Small ideals in polynomial rings and applications

TL;DR

This paper establishes effective bounds for ideals generated by polynomials in polynomial rings over finite or algebraically closed fields, with applications to algebraic geometry and additive combinatorics.

Contribution

It provides explicit bounds for generating ideals with R-sequences, extending results on strength, codimension, and Gowers norms in finite fields.

Findings

Bounded the number of generators for ideals in polynomial rings.

Extended results on strength and singular locus from prior theorems.

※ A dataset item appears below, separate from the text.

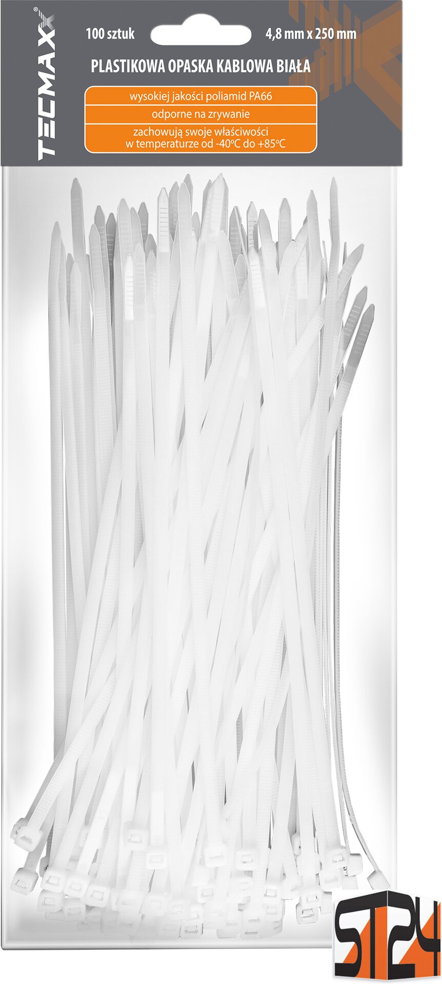 Product descriptionTECMAXX Cable Ties 4.8 mm x 500 mm, white – Reliable durability for demanding fastening.

Applied bounds to Gowers norms and polynomial rank over finite fields.

Abstract

Let $\mathbf{k}$ be a field which is either finite or algebraically closed and let $R = \mathbf{k}[x_1,\ldots,x_n].$ We prove that any $g_1,\ldots,g_s\in R$ homogeneous of positive degrees $\le d$ are contained in an ideal generated by an $R_t$-sequence of $\le A(d)(s+t)^{B(d)}$ homogeneous polynomials of degree $\le d,$ subject to some restrictions on the characteristic of $\mathbf{k}.$ This yields effective bounds for new cases of Ananyan and Hochster's theorem A in arXiv:1610.09268 on strength and the codimension of the singular locus. It also implies effective bounds when $d$ equals the characteristic of $\mathbf{k}$ for Tao and Ziegler's result in arXiv:1101.1469 on rank and $U^d$ Gowers norms of polynomials over finite fields.